=== DATA PROVIDED ===

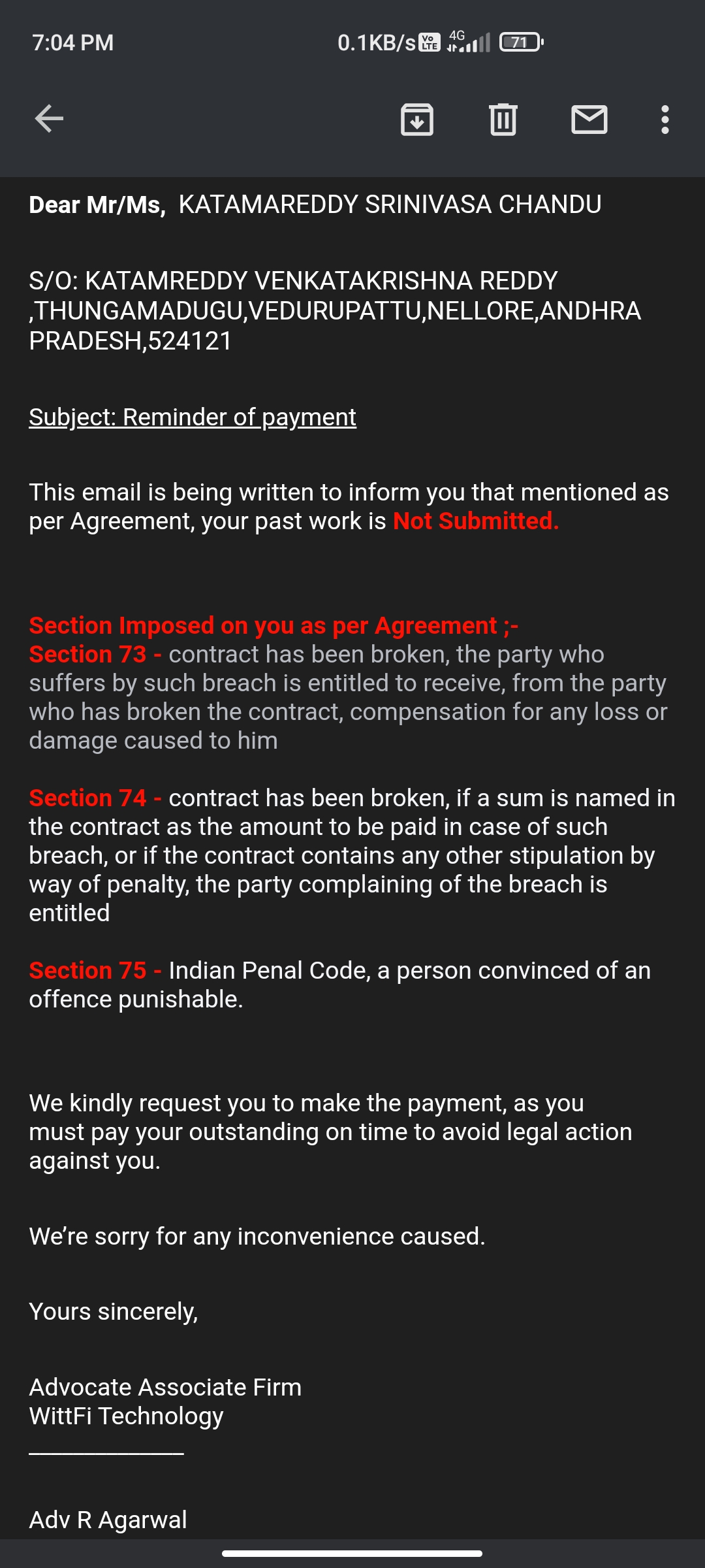 One day I got call from a number, they said this is a no investment part time job you need to complete 600forms in 6 days, if you faill to do this work you need to pay penalty charges to the company and they a agreement from me, the next day I was started the work due to heavy rains I’m unable to that work I said I can’t do this work they said you need pay as per agreement. I sent a fake transaction receipt to them, they said your file is forward to legal department .today j got mail and call from legal department they said a notice will come and police also come yourhouse which is near to you city police station please help me I’m poor student my father is farmer please help
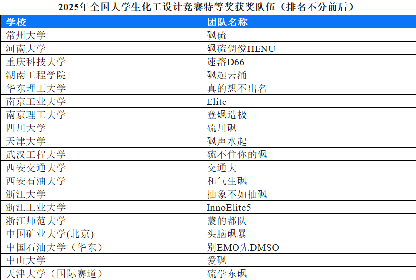 8月11日至8月17日,2025年“天正設(shè)計(jì)杯”第十九屆全國(guó)大學(xué)生化工設(shè)計(jì)競(jìng)賽總決賽在天津大學(xué)舉行。常州大學(xué)石油化工學(xué)院砜硫隊(duì)作品《福建凱美特年產(chǎn)1.5萬(wàn)噸二甲基亞砜項(xiàng)目》(參賽隊(duì)員:常佩源、張皓博、許正梁、薛晴、謝露;指導(dǎo)老師:石劍、馬江權(quán)、謝德華、周滿、黎珊)經(jīng)過(guò)江蘇省省賽、華東賽區(qū)選拔賽以及全國(guó)總決賽的激烈角逐,斬獲第十九屆全國(guó)大學(xué)生化工設(shè)計(jì)競(jìng)賽特等獎(jiǎng)。
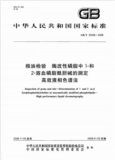 GB/T 22506-2008 酶改性磷脂中1-和2-溶血磷脂酰胆碱的测定 英文版 需联系翻译
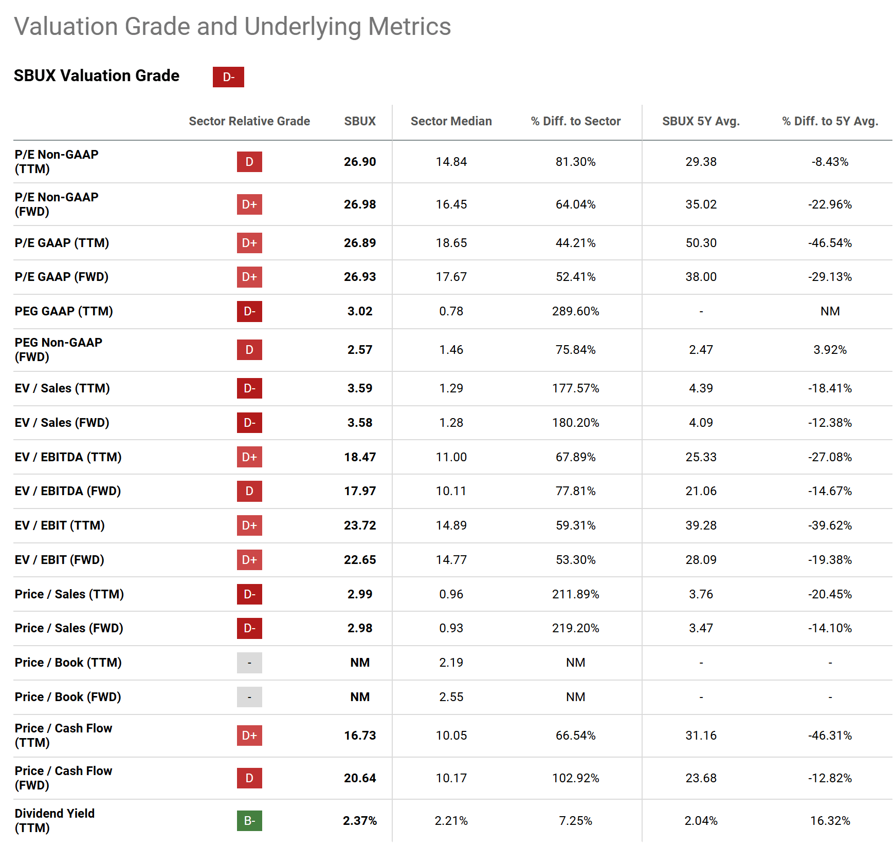 • The multiple may appear expensive, but Starbucks’ shares are cheaper than historical averages, and anticipated growth under Niccol makes the current price reasonable.

=== PROMPT ===
Each line above must be repeated exactly in the answer, with pictures omitted.

=== OUTPUT OF THE EXERCISE ===
 One day I got call from a number, they said this is a no investment part time job you need to complete 600forms in 6 days, if you faill to do this work you need to pay penalty charges to the company and they a agreement from me, the next day I was started the work due to heavy rains I’m unable to that work I said I can’t do this work they said you need pay as per agreement. I sent a fake transaction receipt to them, they said your file is forward to legal department .today j got mail and call from legal department they said a notice will come and police also come yourhouse which is near to you city police station please help me I’m poor student my father is farmer please help
 8月11日至8月17日,2025年“天正設(shè)計(jì)杯”第十九屆全國(guó)大學(xué)生化工設(shè)計(jì)競(jìng)賽總決賽在天津大學(xué)舉行。常州大學(xué)石油化工學(xué)院砜硫隊(duì)作品《福建凱美特年產(chǎn)1.5萬(wàn)噸二甲基亞砜項(xiàng)目》(參賽隊(duì)員:常佩源、張皓博、許正梁、薛晴、謝露;指導(dǎo)老師:石劍、馬江權(quán)、謝德華、周滿、黎珊)經(jīng)過(guò)江蘇省省賽、華東賽區(qū)選拔賽以及全國(guó)總決賽的激烈角逐,斬獲第十九屆全國(guó)大學(xué)生化工設(shè)計(jì)競(jìng)賽特等獎(jiǎng)。
 GB/T 22506-2008 酶改性磷脂中1-和2-溶血磷脂酰胆碱的测定 英文版 需联系翻译
 • The multiple may appear expensive, but Starbucks’ shares are cheaper than historical averages, and anticipated growth under Niccol makes the current price reasonable.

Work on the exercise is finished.